------ GIVEN DATA

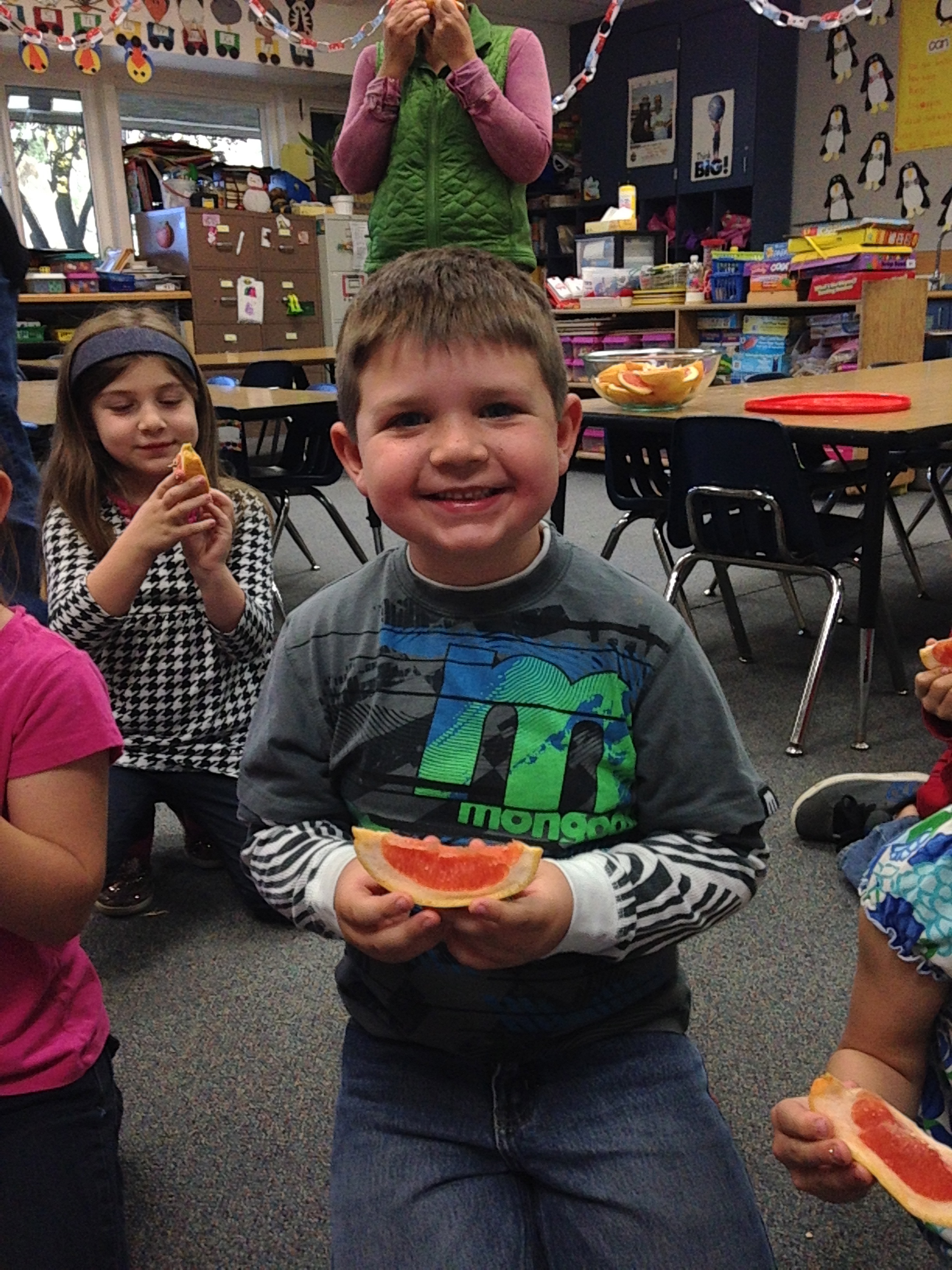 Our Harvest of the Month is citrus.  Citrus doesn’t grow in Julian so we tasted delicious grapefruit from the “neighboring” town of Borrego.
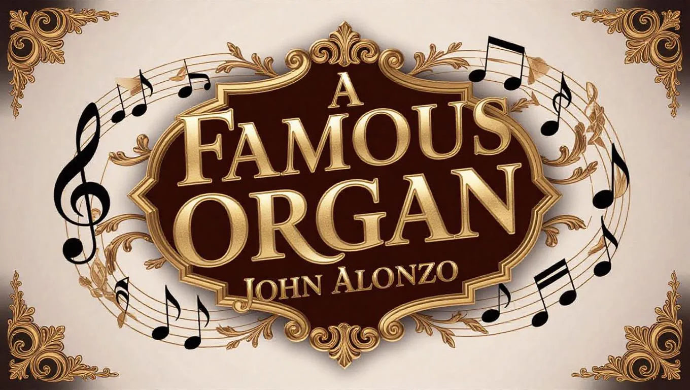 Craft a J.S. Bach-inspired, gold-themed AI album cover for **John Alonzo**'s **A Famous Organ**. Elevate engagement with bold, luxurious visuals blending Baroque elegance and modern AI artistry—maximizing viral appeal and revenue potential through striking, shareable design.
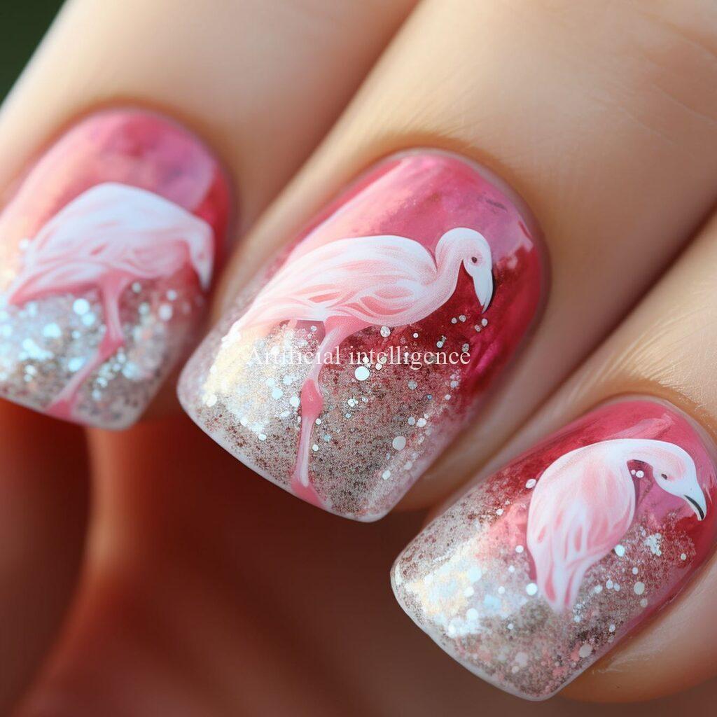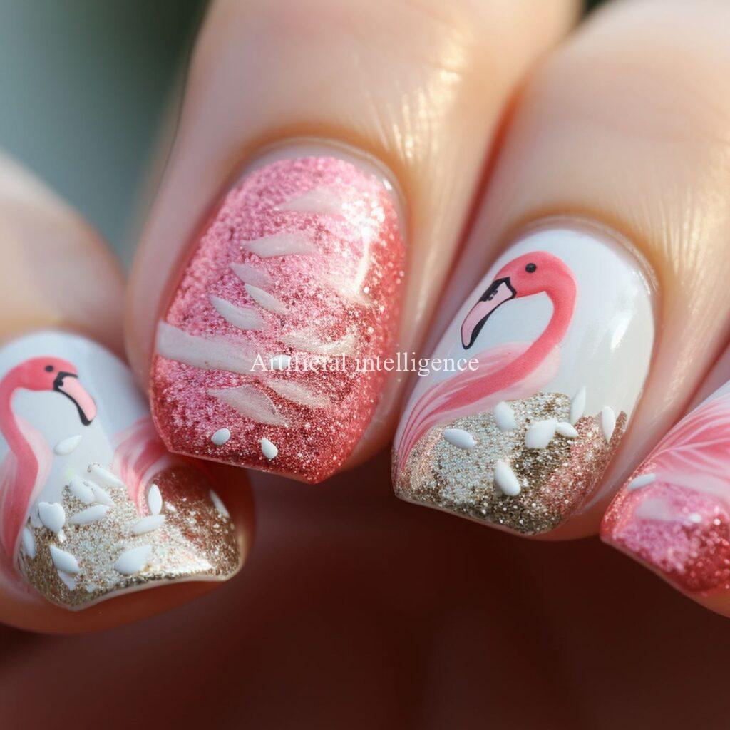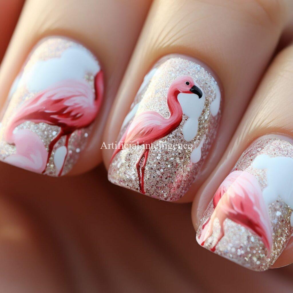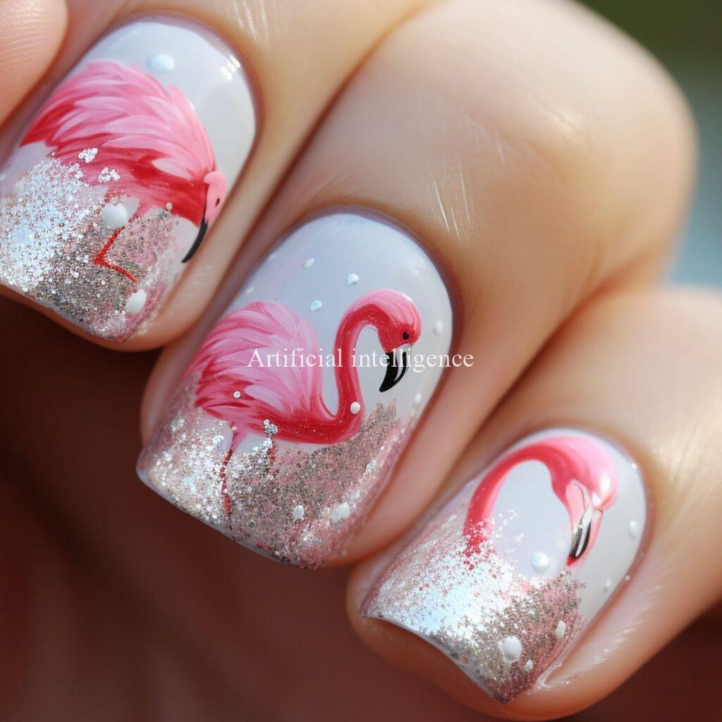 フラミンゴ・ピンクの鳥さんネイル #1129
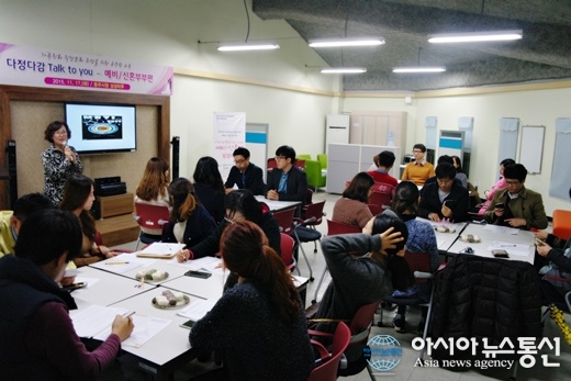 17일 충북 충주시청 상상마루에서 행복한 가정을 위한 공무원가족교육이 열린 가운데 참가한 신혼·예비부부들이 교육을 듣고 있다.(사진제공=충주시청) 충북 충주시가 가족친화 직장문화 조성을 위해 신혼부부와 결혼을 앞둔 예비부부를 대상으... 2015-11-18
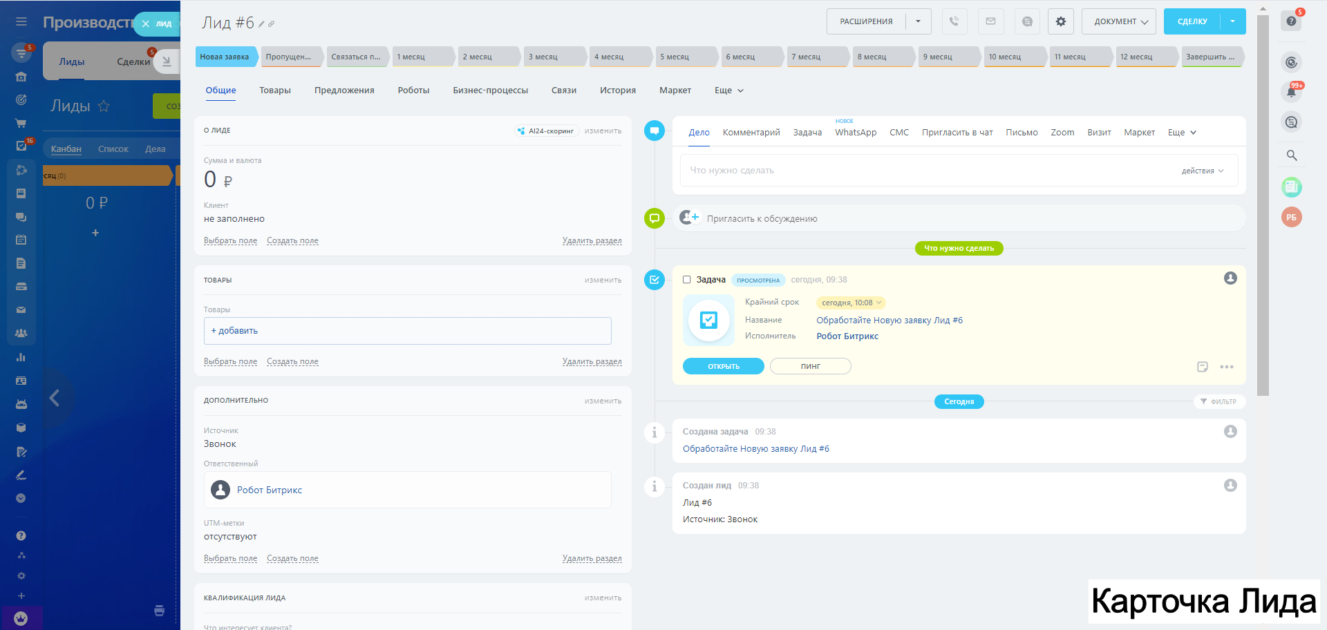 - Поле Название лида
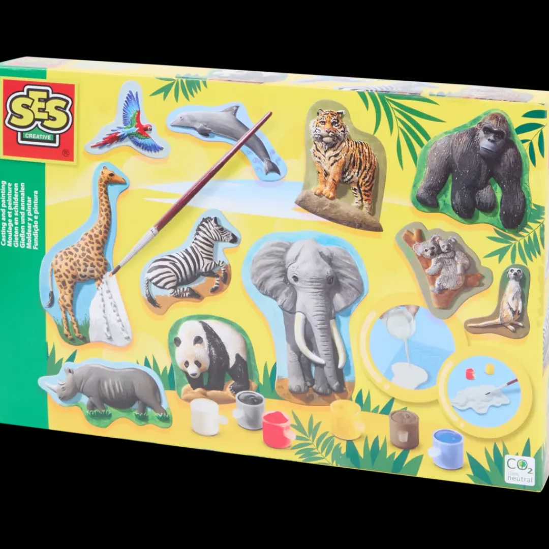 - Contient, entre autres, le plâtre, les moules à plâtre, la peinture, les paillettes et un pinceau
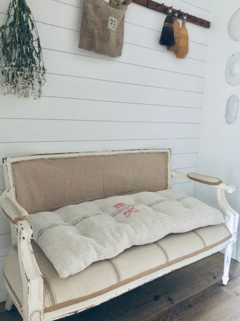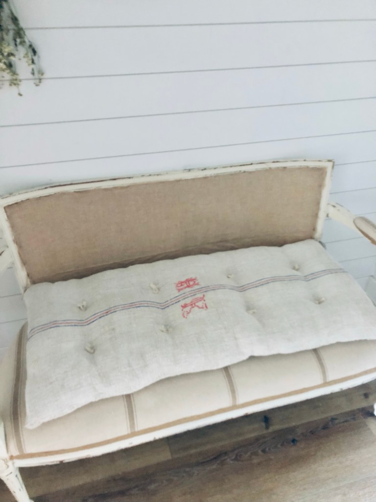 I’m completely smitten with this French antique cushion that arrived in the mail on Saturday ❤️ #french #antique #frenchantiques #entrywaybench #vintage #monogram #entrywaydecor #entryway #happymail #happymonday #mayday #handmedowncottage #furnitureattiffanys
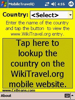 This program allows you to enter a country name and then searches Wikitravel.org website for that country. NOTE: You must be connected to the internet to use this program.
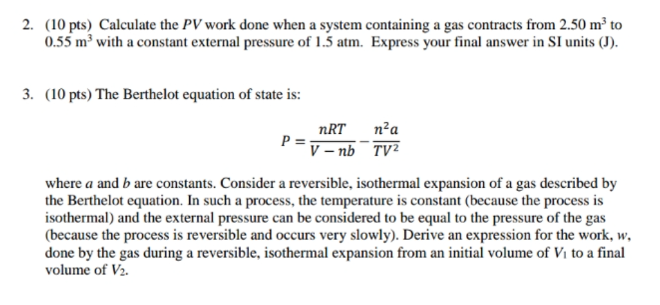 2. (10 pts) Calculate the PV work done when a system containing a g...
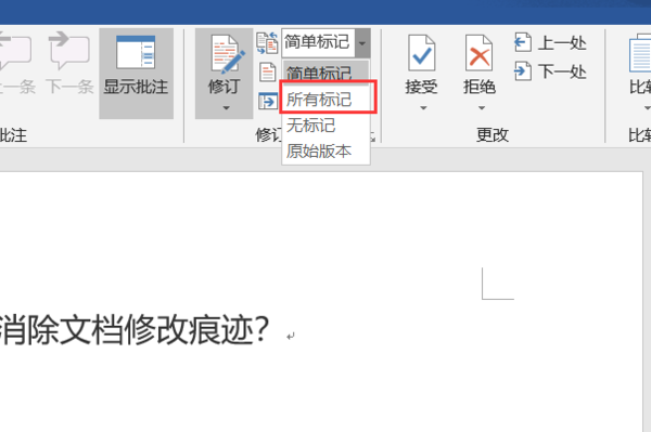 6、word默认是简单标记,在修订旁边的框选择所有标记:
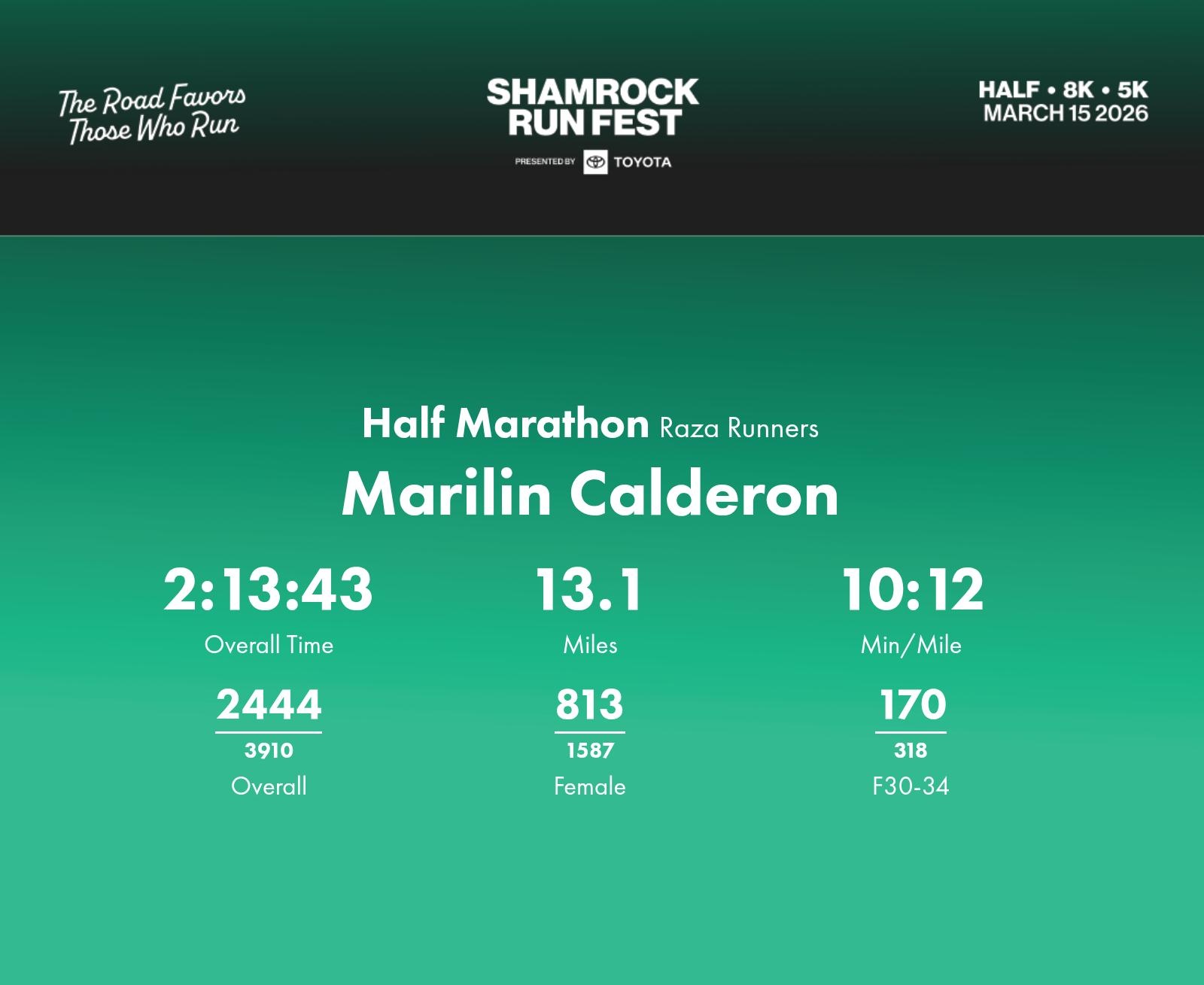 Date: March 15, 2026 Participant: Marilin Calderon #1414 Race: 2026 Shamrock Run Fest presented by Toyota Half Marathon Distance: 13.1 miles

------------

* _ASSIGNMENT_
Images are to be omitted; repeat the remaining data above exactly.

* _ANSWER SPACE_
 Our Harvest of the Month is citrus.  Citrus doesn’t grow in Julian so we tasted delicious grapefruit from the “neighboring” town of Borrego.
 Craft a J.S. Bach-inspired, gold-themed AI album cover for **John Alonzo**'s **A Famous Organ**. Elevate engagement with bold, luxurious visuals blending Baroque elegance and modern AI artistry—maximizing viral appeal and revenue potential through striking, shareable design.
 フラミンゴ・ピンクの鳥さんネイル #1129
 17일 충북 충주시청 상상마루에서 행복한 가정을 위한 공무원가족교육이 열린 가운데 참가한 신혼·예비부부들이 교육을 듣고 있다.(사진제공=충주시청) 충북 충주시가 가족친화 직장문화 조성을 위해 신혼부부와 결혼을 앞둔 예비부부를 대상으... 2015-11-18
 - Поле Название лида
 - Contient, entre autres, le plâtre, les moules à plâtre, la peinture, les paillettes et un pinceau
 I’m completely smitten with this French antique cushion that arrived in the mail on Saturday ❤️ #french #antique #frenchantiques #entrywaybench #vintage #monogram #entrywaydecor #entryway #happymail #happymonday #mayday #handmedowncottage #furnitureattiffanys
 This program allows you to enter a country name and then searches Wikitravel.org website for that country. NOTE: You must be connected to the internet to use this program.
 2. (10 pts) Calculate the PV work done when a system containing a g...
 6、word默认是简单标记,在修订旁边的框选择所有标记:
 Date: March 15, 2026 Participant: Marilin Calderon #1414 Race: 2026 Shamrock Run Fest presented by Toyota Half Marathon Distance: 13.1 miles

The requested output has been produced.